WORK INSTRUCTIONS: Would you copy every record exactly as it stands and drop the pictures?

* * * *

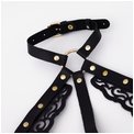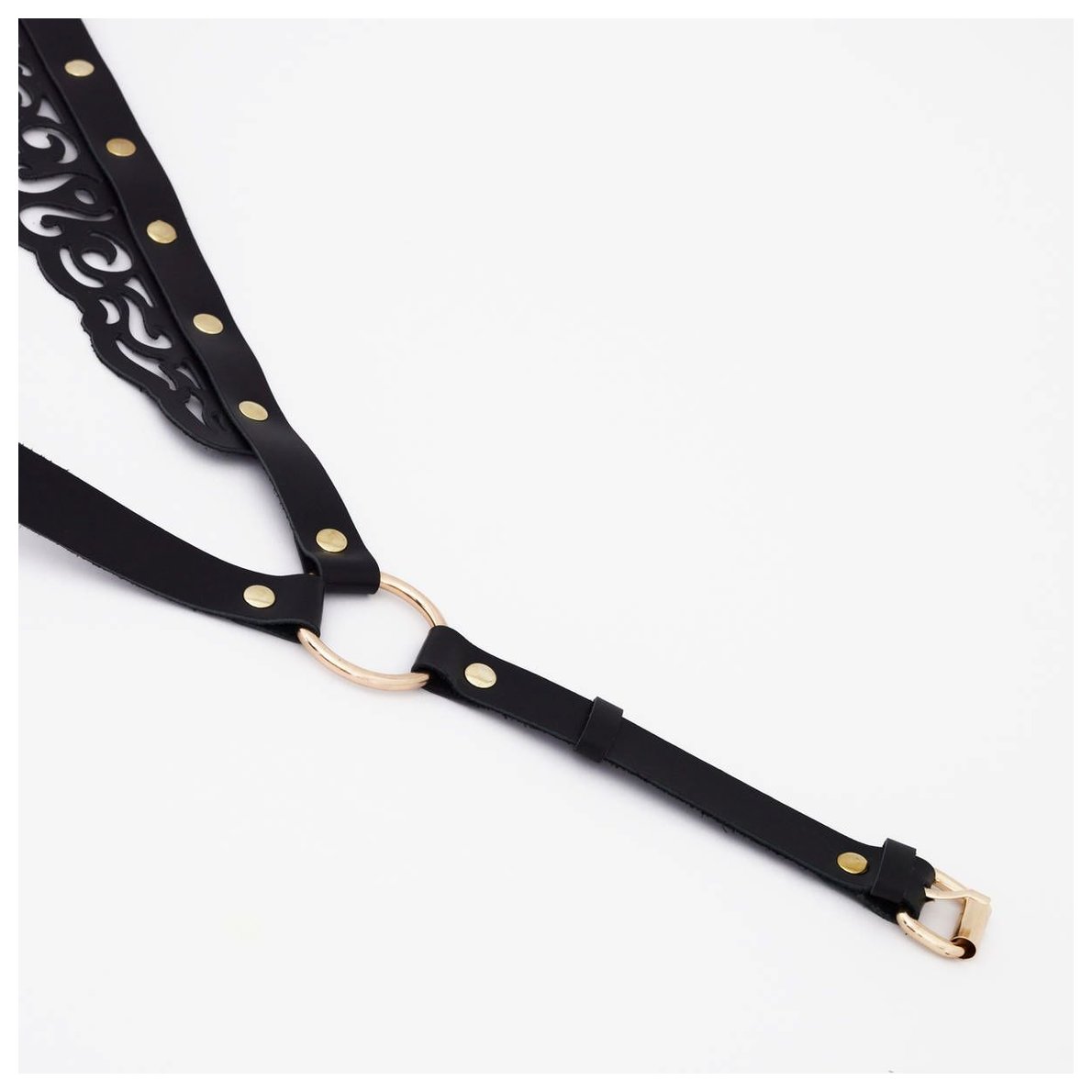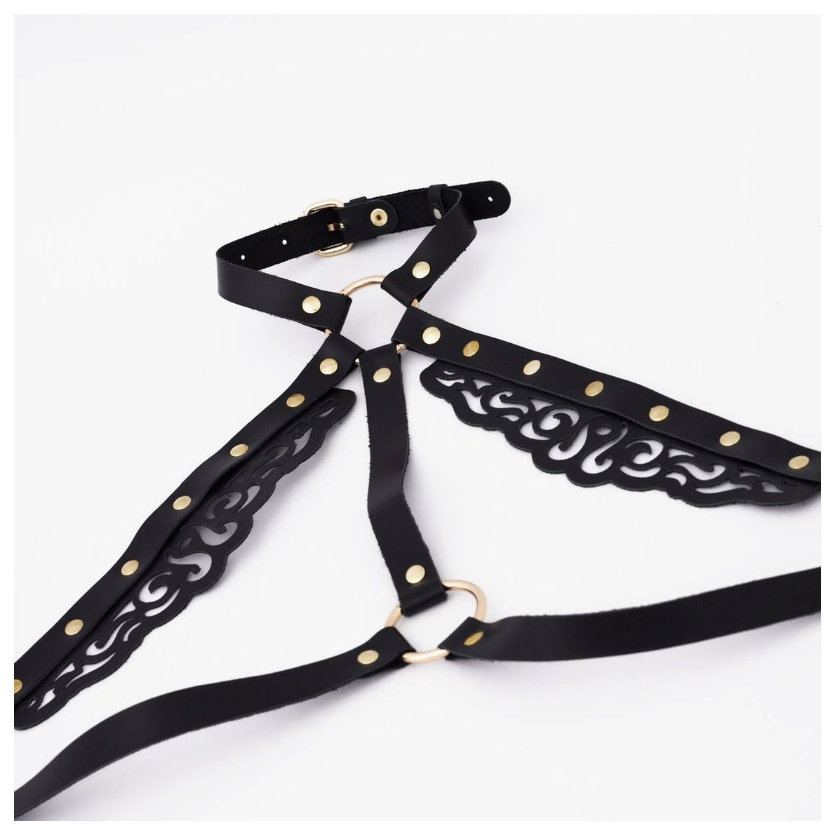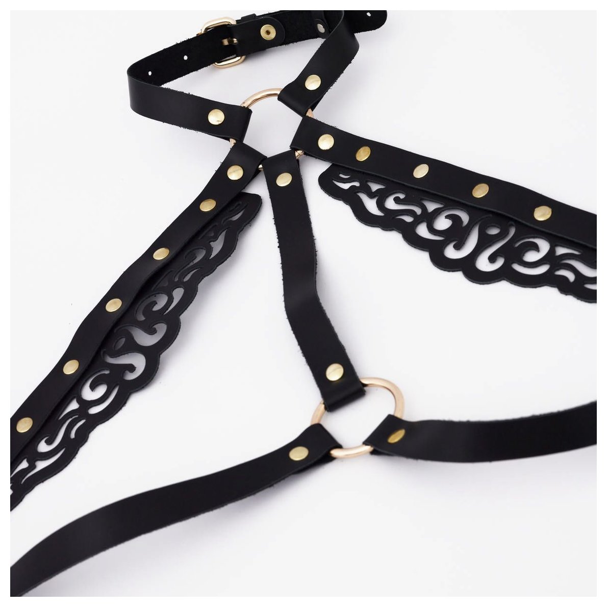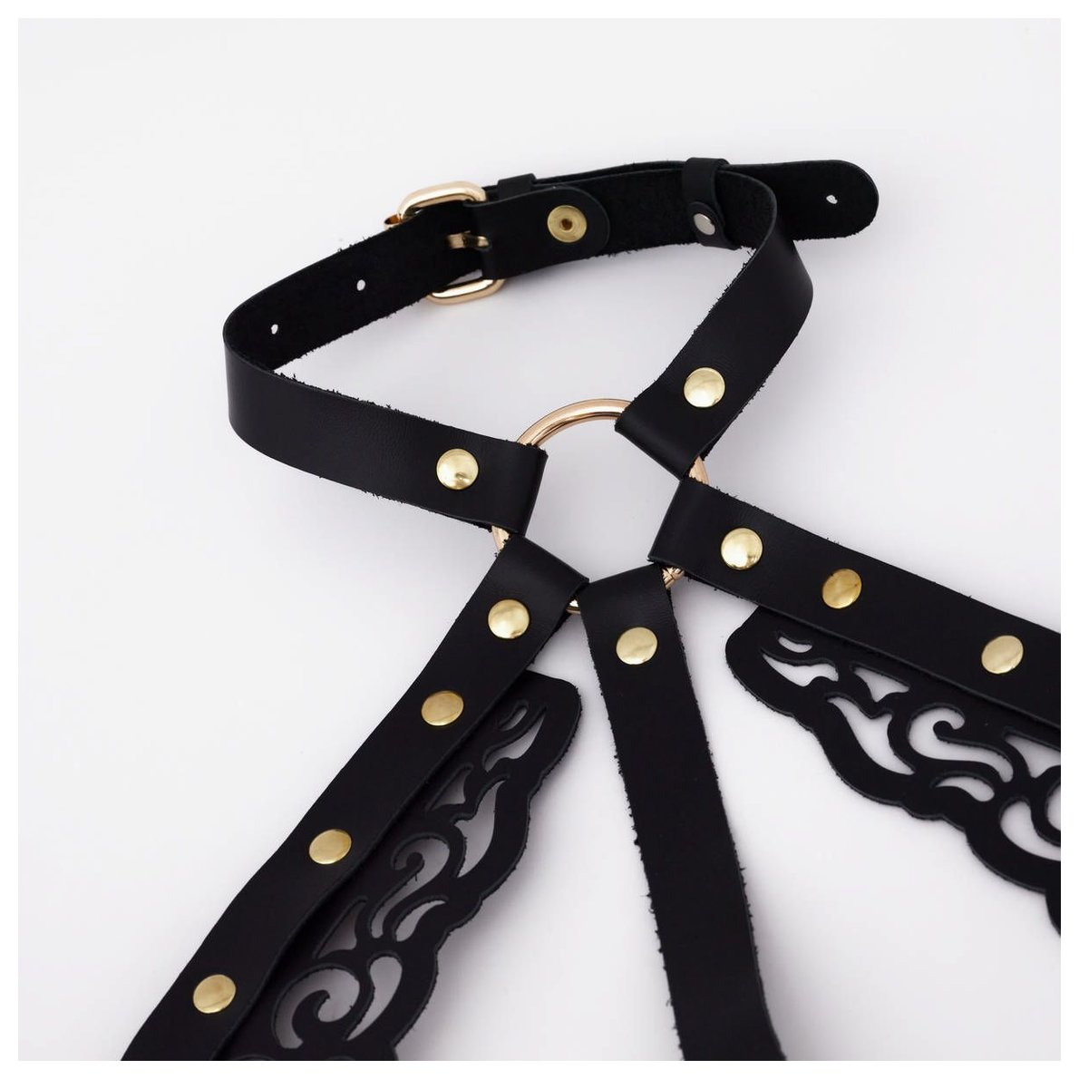 Представляем вам портупею с изысканным дизайном , которая станет вашим идеальным выбором для создания особой атмосферы. Этот аксессуар — это гармоничное сочетание элегантности, комфорта и универсальности, созданное для тех, кто ценит стиль и внимание к деталям. Изделие выполнено из натуральной кожи , что обеспечивает мягкость, долговечность и приятные тактильные ощущения. Портупея дополнена фурнитурой высокого качества из золотистой стали , которая добавляет изделию прочности и благородного блеска. Ремешки соединены между собой кольцами , что делает конструкцию устойчивой и функциональной. Классический дизайн с резными вставками придает портупее нежность, легкость и элегантность, акцентируя внимание на красоте тела. Этот аксессуар не только подходит для любовных игр, но и может стать стильным дополнением к повседневным или вечерним образам, добавляя вашему стилю дерзости и уникальности.
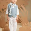 Ένα σύνολο που φέρνει νέα πνοή στη διαχρονική κομψότητα με απαλούς χρωματικούς συνδυασμούς και υπέροχο design.Το δίπιετο παντελόνι με την έξτρα λοξή ζώνη σε γκρι-σιελ απόχρωση από Tencel-viscose ύφασμα και το σταυρωτό γιλέκο με τον γιακά κιμονό σε μπεζ βαμβακερό ύφασμα δημιουργούν ένα εξαιρετικό σύνολο. Το λευκό βαμβακερό πουκάμισο και το φουλάρι με γεωμετρικά σχέδια σε σιελ αποχρώσεις με exclusive τύπωμα Baby Bloom ολοκληρώνουν μοναδικά το look. Για την τελική πινελιά, επιλέξτε ανάμεσα σε ψάθινο καπέλο ή υφασμάτινη τραγιάσκα, σύμφωνα με το προσωπικό σας στυλ.
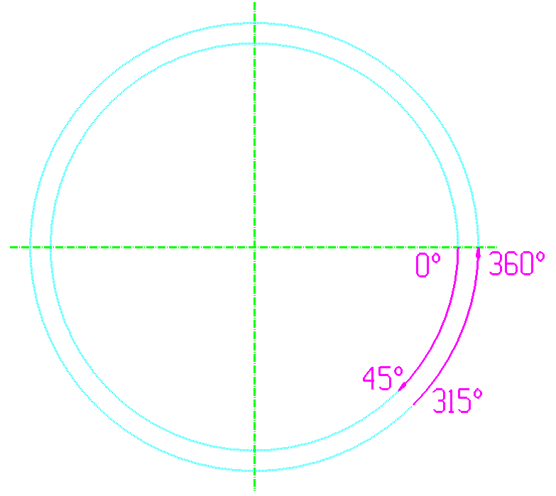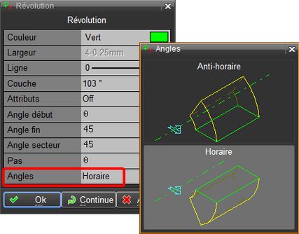 La saisie des angles de début et de fin pour les fonctions Révolution , Révolution face , Hélicoïdal et Hélicoïdal face peut être faite dans le sens « horaire » (enroulement autour de l'axe Y dans le sens des aiguilles d'une montre) ou « anti-horaire » (enroulement dans le sens inverse, « trigonométrique »). (version 2017) Un bouton dans les masques de saisie permet de passer de l'un à l'autre mode. Ce choix influence uniquement la convention de saisie des angles, l'objet résultant est identique. Le même choix est proposé lors de la modification des paramètres de ces fonctions dans l'historique de construction (HOB). Fonctions avec par défaut le sens « horaire » Les fonctions Révolution et Hélicoïdal sont basées sur une révolution partant dans le sens « horaire ».
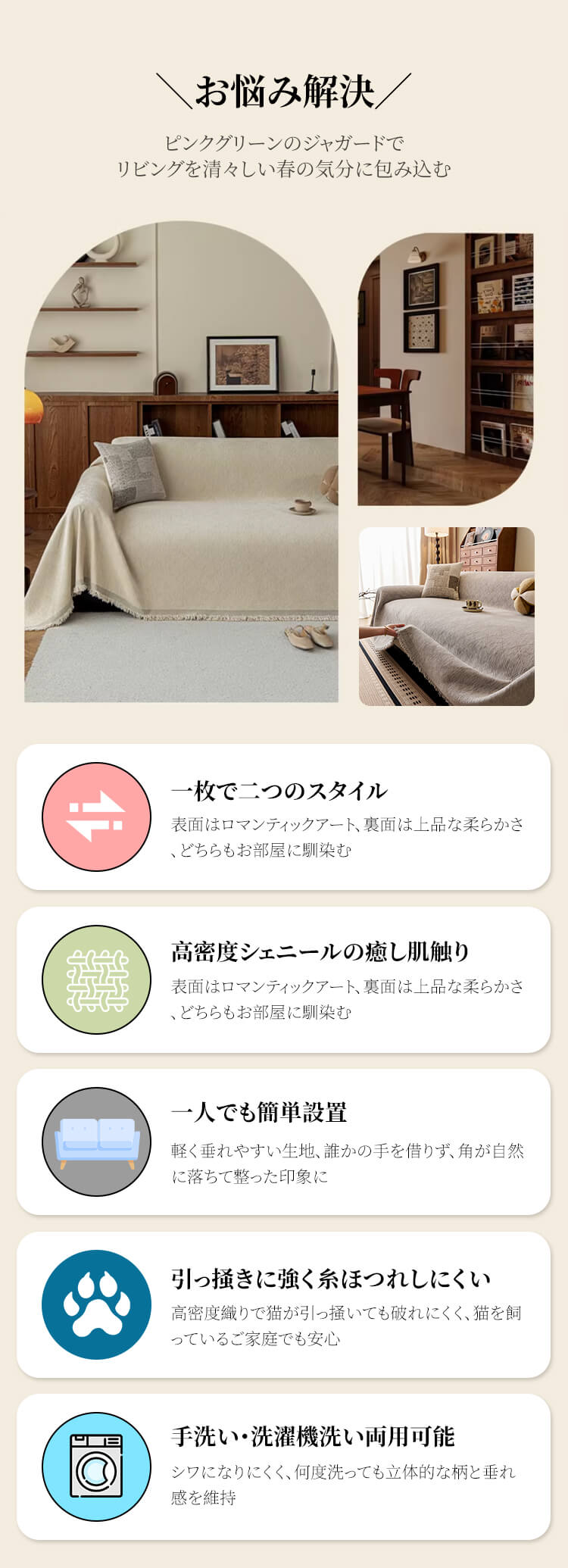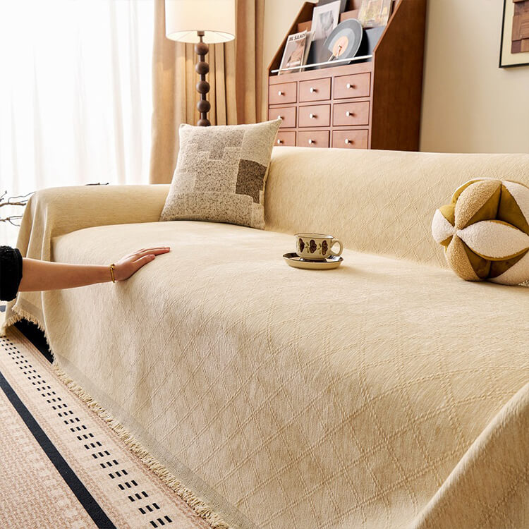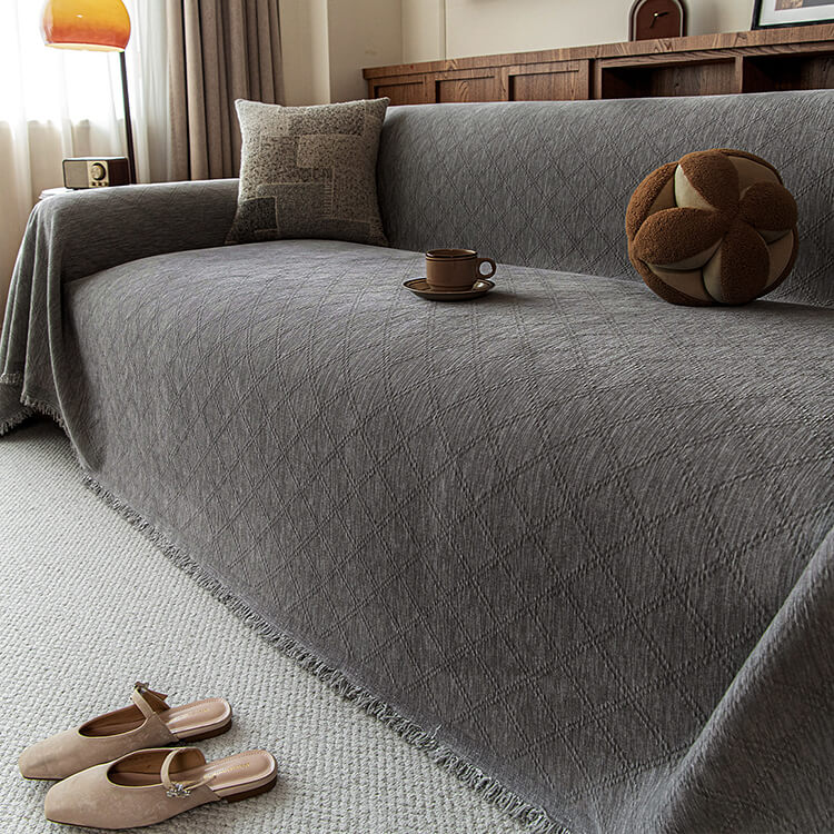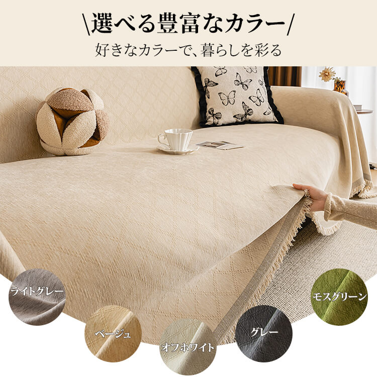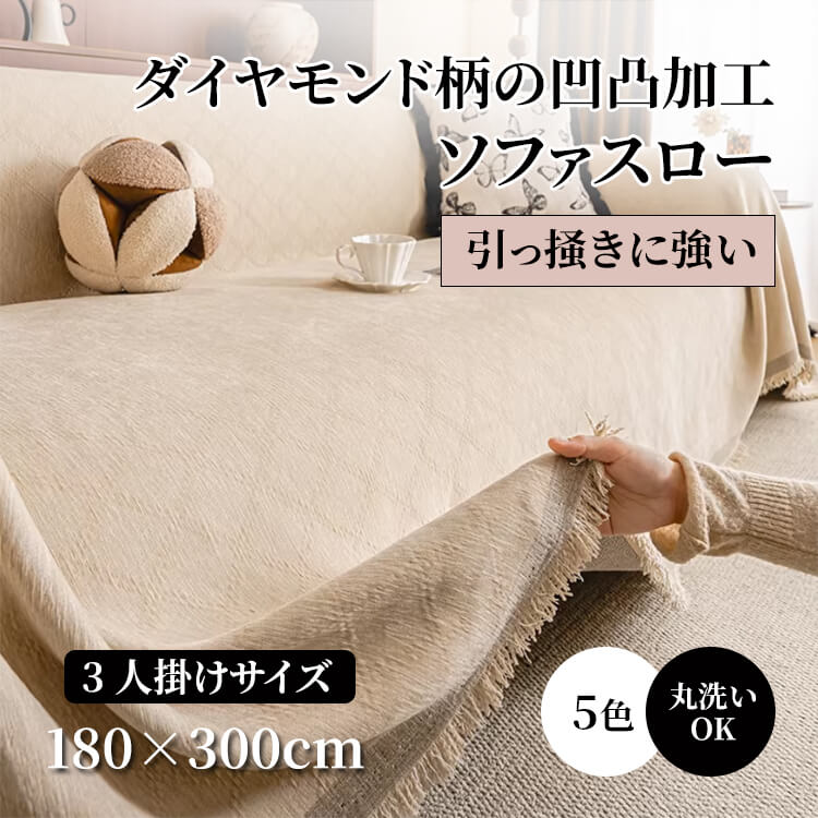 ダイヤモンド柄 ソファスロー 凹凸加工 3人掛け ジャガード織り マルチカバー シェニール 厚手 引っ掻きに強い 爪とぎ防止 汚れ防止 リバーシブル 北欧 おしゃれ 肘あり 肘なし 春夏秋冬 丸洗いOK 5色展開
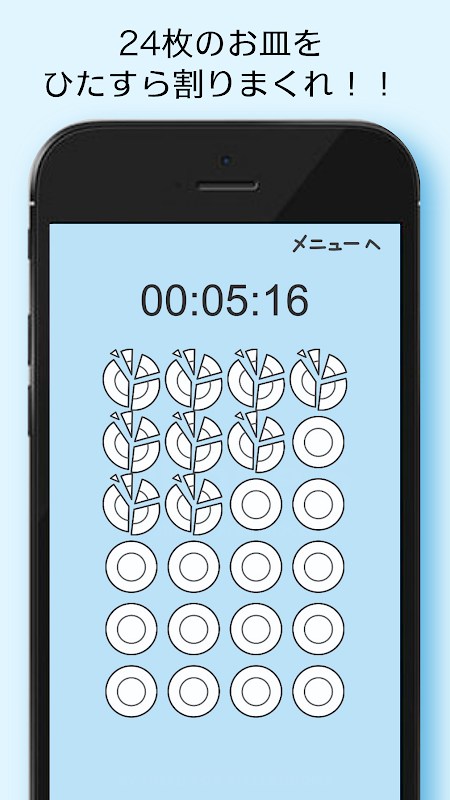 素早く全てのお皿を割り、全国ランキングに挑戦しましょう。

* * * *

RESULT OF THIS TASK:
 Представляем вам портупею с изысканным дизайном , которая станет вашим идеальным выбором для создания особой атмосферы. Этот аксессуар — это гармоничное сочетание элегантности, комфорта и универсальности, созданное для тех, кто ценит стиль и внимание к деталям. Изделие выполнено из натуральной кожи , что обеспечивает мягкость, долговечность и приятные тактильные ощущения. Портупея дополнена фурнитурой высокого качества из золотистой стали , которая добавляет изделию прочности и благородного блеска. Ремешки соединены между собой кольцами , что делает конструкцию устойчивой и функциональной. Классический дизайн с резными вставками придает портупее нежность, легкость и элегантность, акцентируя внимание на красоте тела. Этот аксессуар не только подходит для любовных игр, но и может стать стильным дополнением к повседневным или вечерним образам, добавляя вашему стилю дерзости и уникальности.
 Ένα σύνολο που φέρνει νέα πνοή στη διαχρονική κομψότητα με απαλούς χρωματικούς συνδυασμούς και υπέροχο design.Το δίπιετο παντελόνι με την έξτρα λοξή ζώνη σε γκρι-σιελ απόχρωση από Tencel-viscose ύφασμα και το σταυρωτό γιλέκο με τον γιακά κιμονό σε μπεζ βαμβακερό ύφασμα δημιουργούν ένα εξαιρετικό σύνολο. Το λευκό βαμβακερό πουκάμισο και το φουλάρι με γεωμετρικά σχέδια σε σιελ αποχρώσεις με exclusive τύπωμα Baby Bloom ολοκληρώνουν μοναδικά το look. Για την τελική πινελιά, επιλέξτε ανάμεσα σε ψάθινο καπέλο ή υφασμάτινη τραγιάσκα, σύμφωνα με το προσωπικό σας στυλ.
 La saisie des angles de début et de fin pour les fonctions Révolution , Révolution face , Hélicoïdal et Hélicoïdal face peut être faite dans le sens « horaire » (enroulement autour de l'axe Y dans le sens des aiguilles d'une montre) ou « anti-horaire » (enroulement dans le sens inverse, « trigonométrique »). (version 2017) Un bouton dans les masques de saisie permet de passer de l'un à l'autre mode. Ce choix influence uniquement la convention de saisie des angles, l'objet résultant est identique. Le même choix est proposé lors de la modification des paramètres de ces fonctions dans l'historique de construction (HOB). Fonctions avec par défaut le sens « horaire » Les fonctions Révolution et Hélicoïdal sont basées sur une révolution partant dans le sens « horaire ».
 ダイヤモンド柄 ソファスロー 凹凸加工 3人掛け ジャガード織り マルチカバー シェニール 厚手 引っ掻きに強い 爪とぎ防止 汚れ防止 リバーシブル 北欧 おしゃれ 肘あり 肘なし 春夏秋冬 丸洗いOK 5色展開
 素早く全てのお皿を割り、全国ランキングに挑戦しましょう。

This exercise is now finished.